Your assignment —
Set out exactly, and only, the lines running from the one containing "バックのフェイクポケットでヒ" to the bottom of the listing below; pictures stay out.

Records to use —

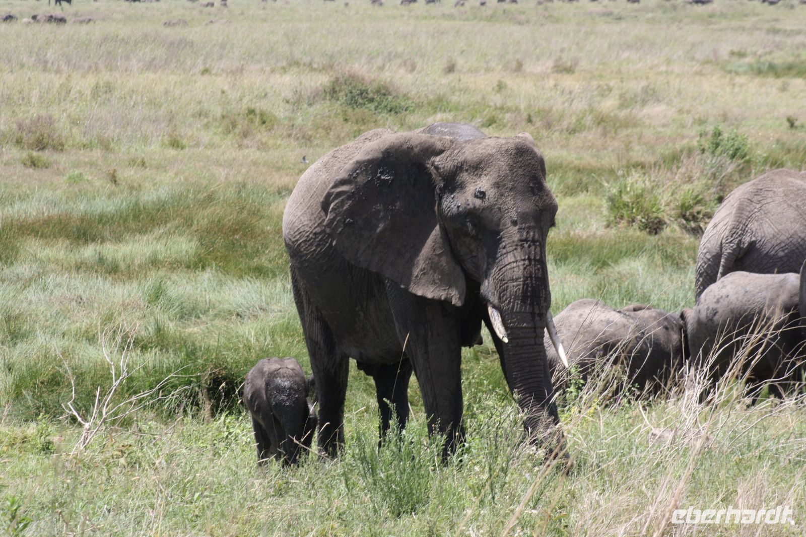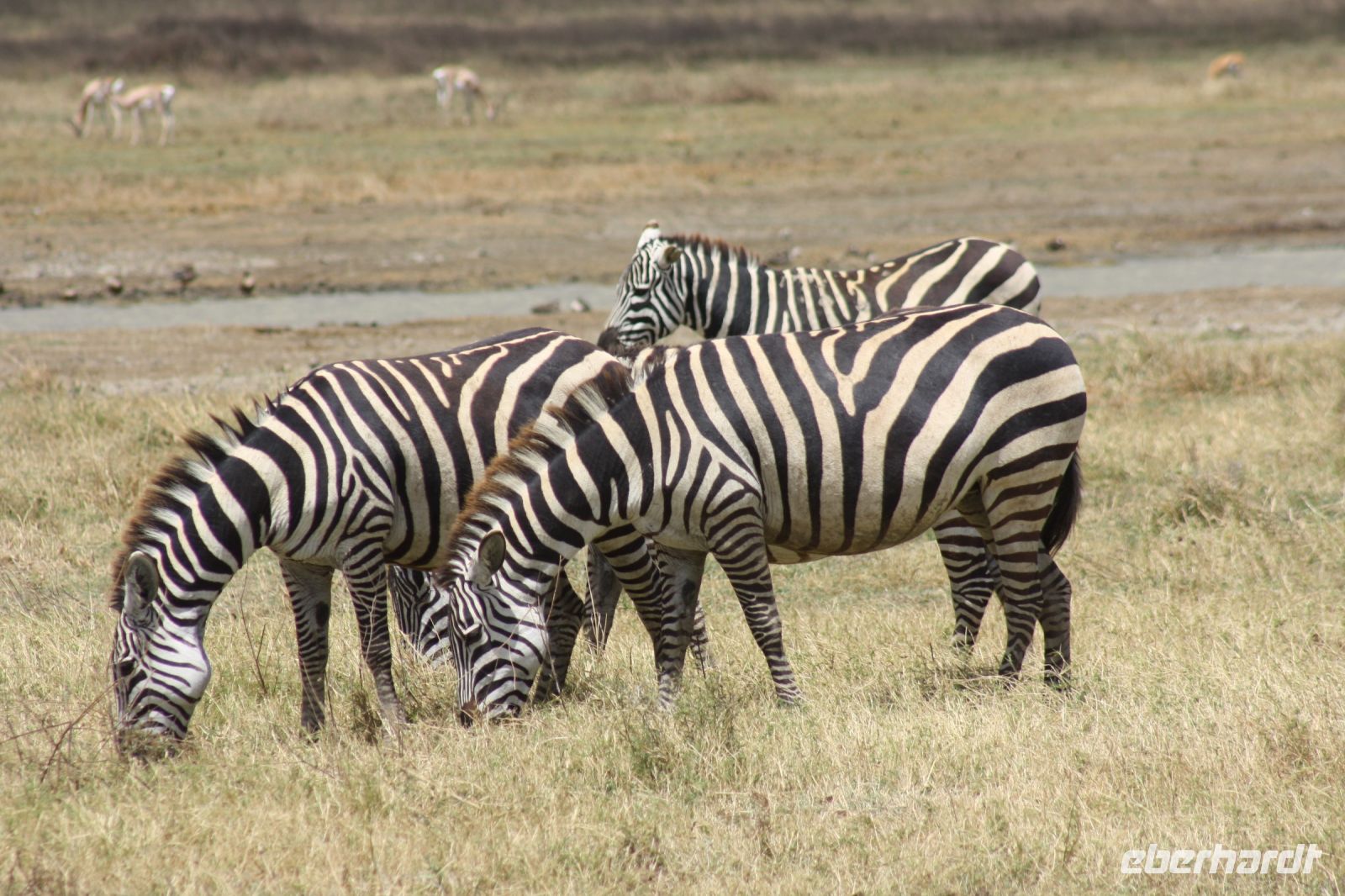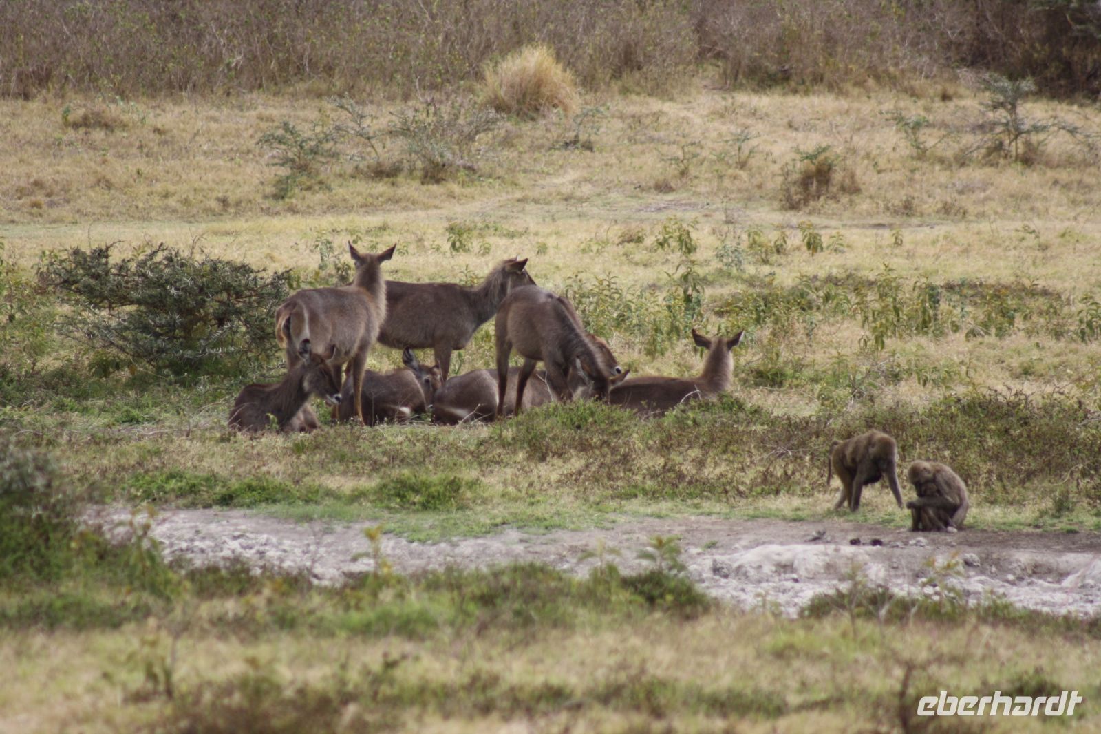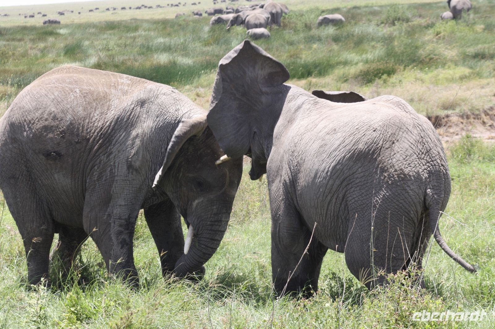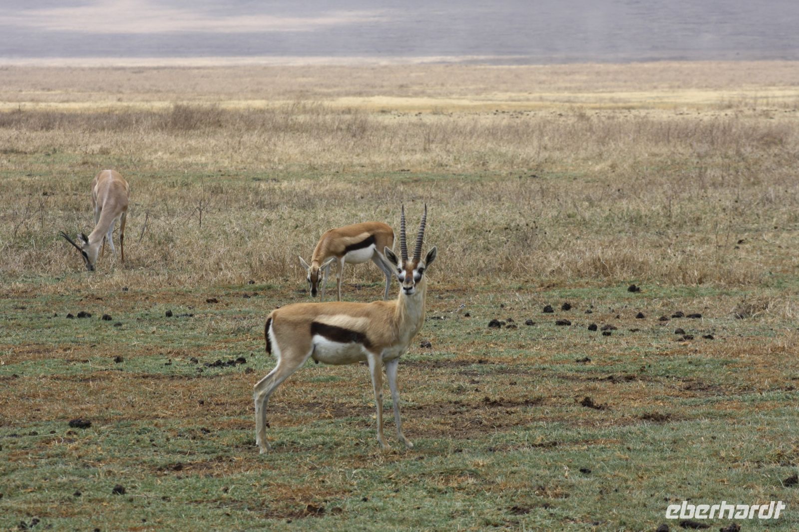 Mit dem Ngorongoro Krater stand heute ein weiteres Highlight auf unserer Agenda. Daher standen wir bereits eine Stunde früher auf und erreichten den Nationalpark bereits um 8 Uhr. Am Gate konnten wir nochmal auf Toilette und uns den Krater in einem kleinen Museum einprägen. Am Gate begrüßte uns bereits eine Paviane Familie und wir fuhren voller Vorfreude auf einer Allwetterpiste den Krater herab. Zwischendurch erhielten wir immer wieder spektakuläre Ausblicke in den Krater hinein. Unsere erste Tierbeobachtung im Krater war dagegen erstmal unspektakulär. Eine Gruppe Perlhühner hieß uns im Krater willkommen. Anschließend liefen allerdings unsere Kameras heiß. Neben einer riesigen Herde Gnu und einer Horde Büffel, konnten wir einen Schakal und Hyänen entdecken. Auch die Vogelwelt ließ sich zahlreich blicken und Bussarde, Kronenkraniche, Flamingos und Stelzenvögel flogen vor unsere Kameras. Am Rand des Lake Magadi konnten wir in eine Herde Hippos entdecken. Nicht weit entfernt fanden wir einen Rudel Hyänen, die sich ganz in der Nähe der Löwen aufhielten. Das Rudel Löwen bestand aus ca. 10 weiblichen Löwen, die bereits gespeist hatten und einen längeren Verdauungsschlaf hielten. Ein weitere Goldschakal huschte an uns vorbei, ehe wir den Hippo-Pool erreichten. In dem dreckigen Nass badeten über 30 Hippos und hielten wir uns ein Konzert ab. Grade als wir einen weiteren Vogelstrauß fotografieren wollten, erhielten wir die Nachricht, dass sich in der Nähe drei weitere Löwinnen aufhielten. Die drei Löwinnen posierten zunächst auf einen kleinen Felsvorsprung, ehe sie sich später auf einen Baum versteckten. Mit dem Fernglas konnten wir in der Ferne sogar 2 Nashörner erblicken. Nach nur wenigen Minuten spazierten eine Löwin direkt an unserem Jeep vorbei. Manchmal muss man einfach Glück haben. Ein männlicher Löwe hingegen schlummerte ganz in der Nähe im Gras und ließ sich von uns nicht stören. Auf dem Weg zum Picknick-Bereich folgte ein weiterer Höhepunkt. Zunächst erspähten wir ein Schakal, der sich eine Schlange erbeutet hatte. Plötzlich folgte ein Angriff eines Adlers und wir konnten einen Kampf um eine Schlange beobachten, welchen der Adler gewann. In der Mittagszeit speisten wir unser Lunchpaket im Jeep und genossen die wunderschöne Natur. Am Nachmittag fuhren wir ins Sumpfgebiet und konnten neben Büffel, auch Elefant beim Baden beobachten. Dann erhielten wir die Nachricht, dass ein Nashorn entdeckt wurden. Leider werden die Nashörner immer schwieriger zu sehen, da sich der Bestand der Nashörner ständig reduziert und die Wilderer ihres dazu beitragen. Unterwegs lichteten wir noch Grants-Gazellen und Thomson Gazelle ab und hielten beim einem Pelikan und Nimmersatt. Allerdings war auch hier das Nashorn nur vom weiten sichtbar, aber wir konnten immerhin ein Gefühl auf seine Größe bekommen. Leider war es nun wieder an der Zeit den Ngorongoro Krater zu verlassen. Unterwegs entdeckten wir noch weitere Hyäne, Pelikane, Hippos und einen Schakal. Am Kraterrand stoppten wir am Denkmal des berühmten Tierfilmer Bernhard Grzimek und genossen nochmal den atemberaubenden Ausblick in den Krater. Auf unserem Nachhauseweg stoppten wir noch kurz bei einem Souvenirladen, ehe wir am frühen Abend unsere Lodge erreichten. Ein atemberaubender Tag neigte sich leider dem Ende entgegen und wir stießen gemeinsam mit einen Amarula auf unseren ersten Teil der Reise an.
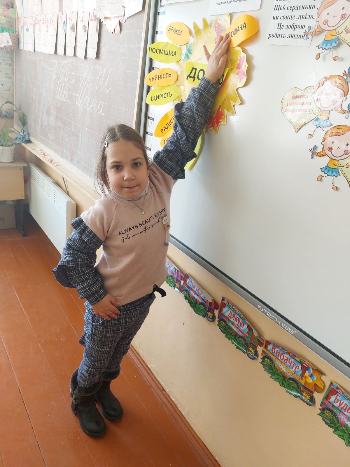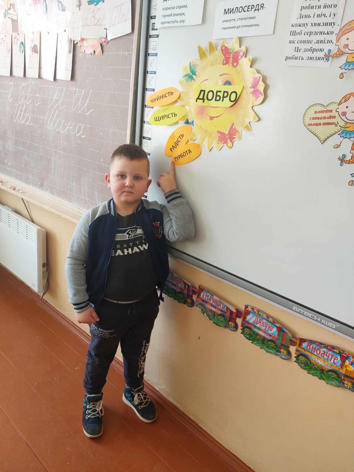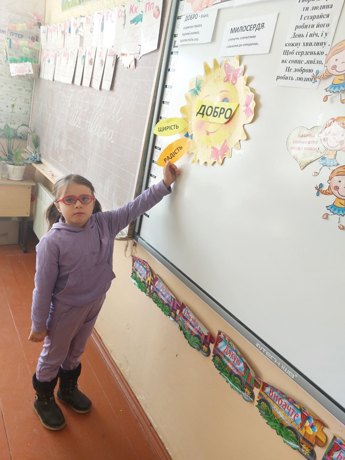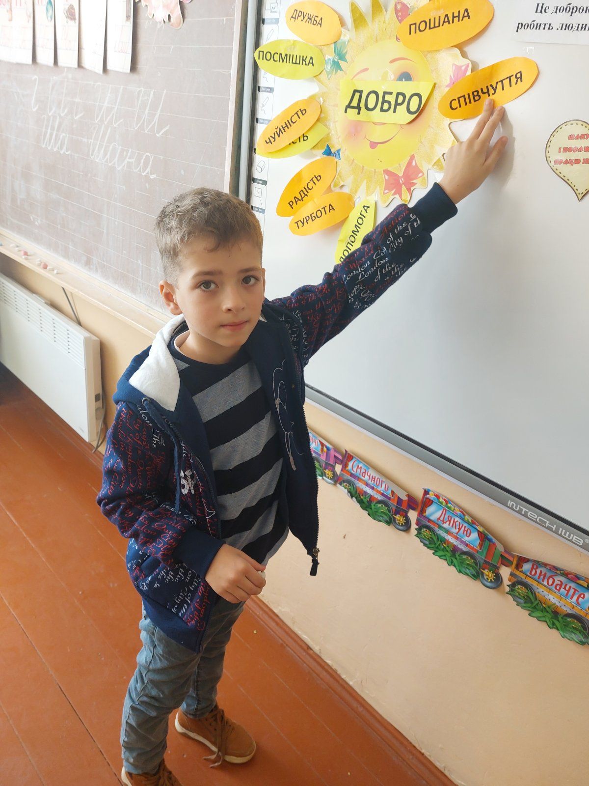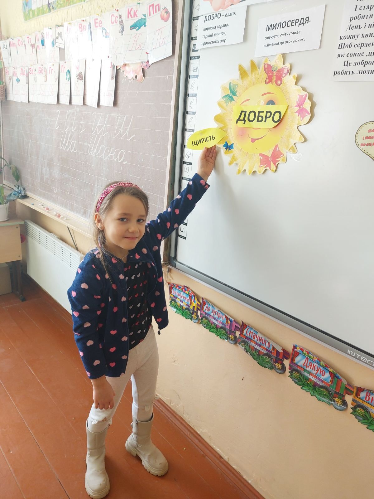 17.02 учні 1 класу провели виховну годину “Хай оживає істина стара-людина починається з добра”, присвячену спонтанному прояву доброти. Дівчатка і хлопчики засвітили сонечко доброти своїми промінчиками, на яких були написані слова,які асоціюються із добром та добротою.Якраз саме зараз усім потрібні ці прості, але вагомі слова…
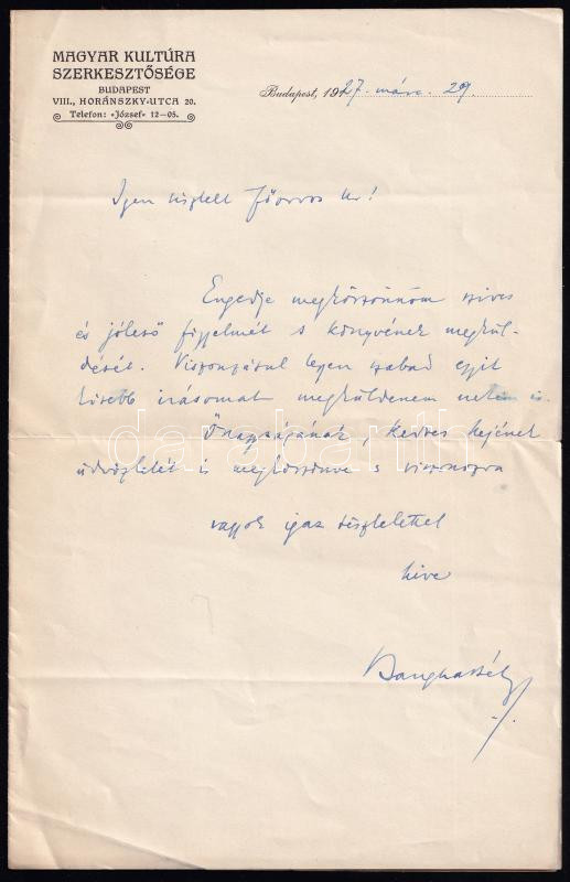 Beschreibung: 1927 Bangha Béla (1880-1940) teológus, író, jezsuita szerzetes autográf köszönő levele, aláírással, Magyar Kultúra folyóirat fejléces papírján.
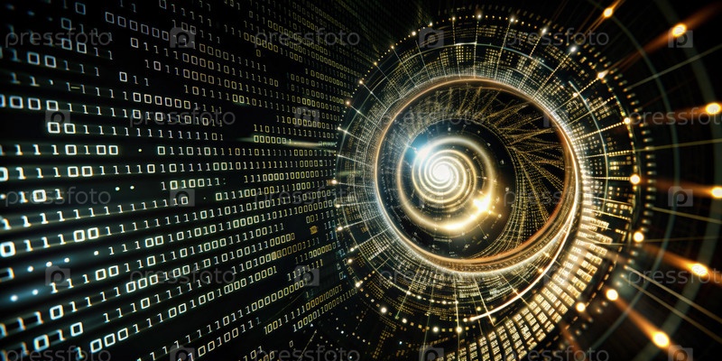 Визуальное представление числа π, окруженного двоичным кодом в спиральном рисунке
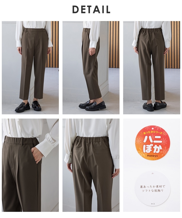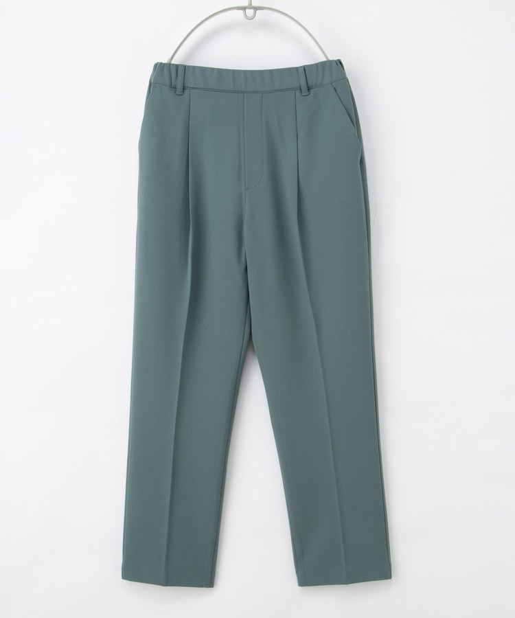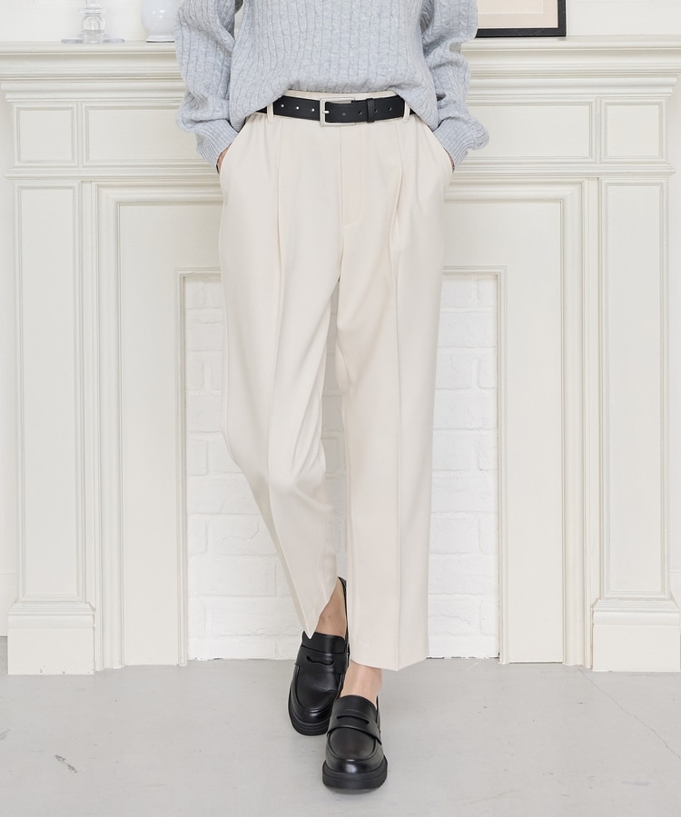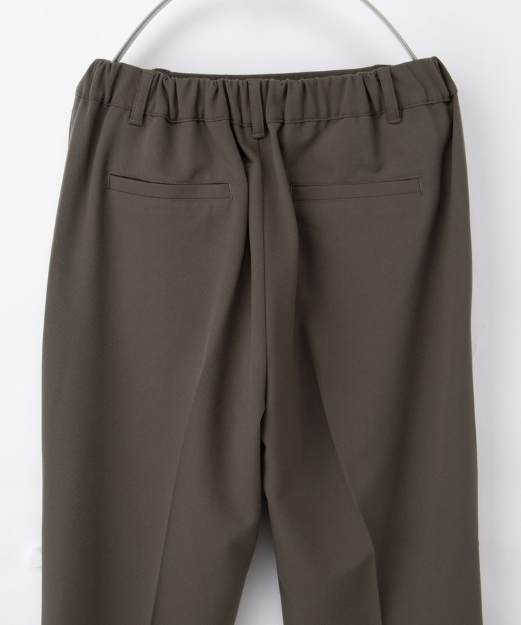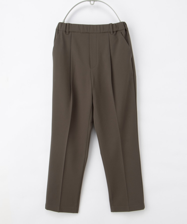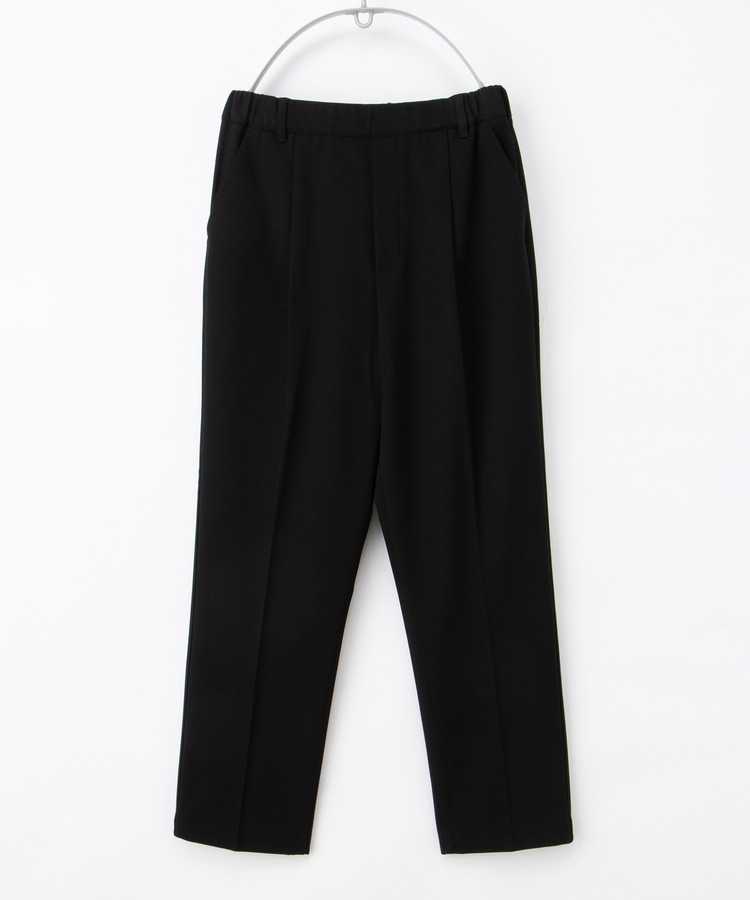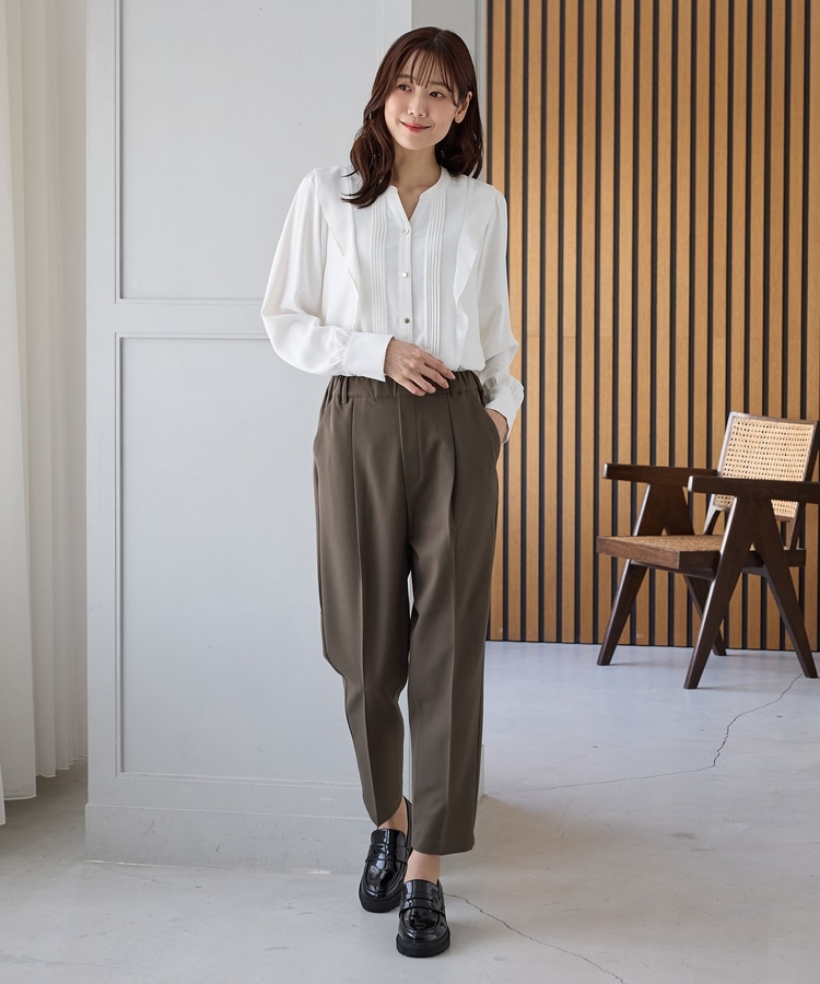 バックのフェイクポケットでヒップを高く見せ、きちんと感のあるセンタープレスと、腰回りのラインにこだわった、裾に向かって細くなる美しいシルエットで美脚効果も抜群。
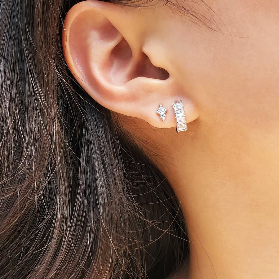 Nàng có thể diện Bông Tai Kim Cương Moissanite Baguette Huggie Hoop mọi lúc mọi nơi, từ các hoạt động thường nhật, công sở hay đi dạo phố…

Answer section —
 バックのフェイクポケットでヒップを高く見せ、きちんと感のあるセンタープレスと、腰回りのラインにこだわった、裾に向かって細くなる美しいシルエットで美脚効果も抜群。
 Nàng có thể diện Bông Tai Kim Cương Moissanite Baguette Huggie Hoop mọi lúc mọi nơi, từ các hoạt động thường nhật, công sở hay đi dạo phố…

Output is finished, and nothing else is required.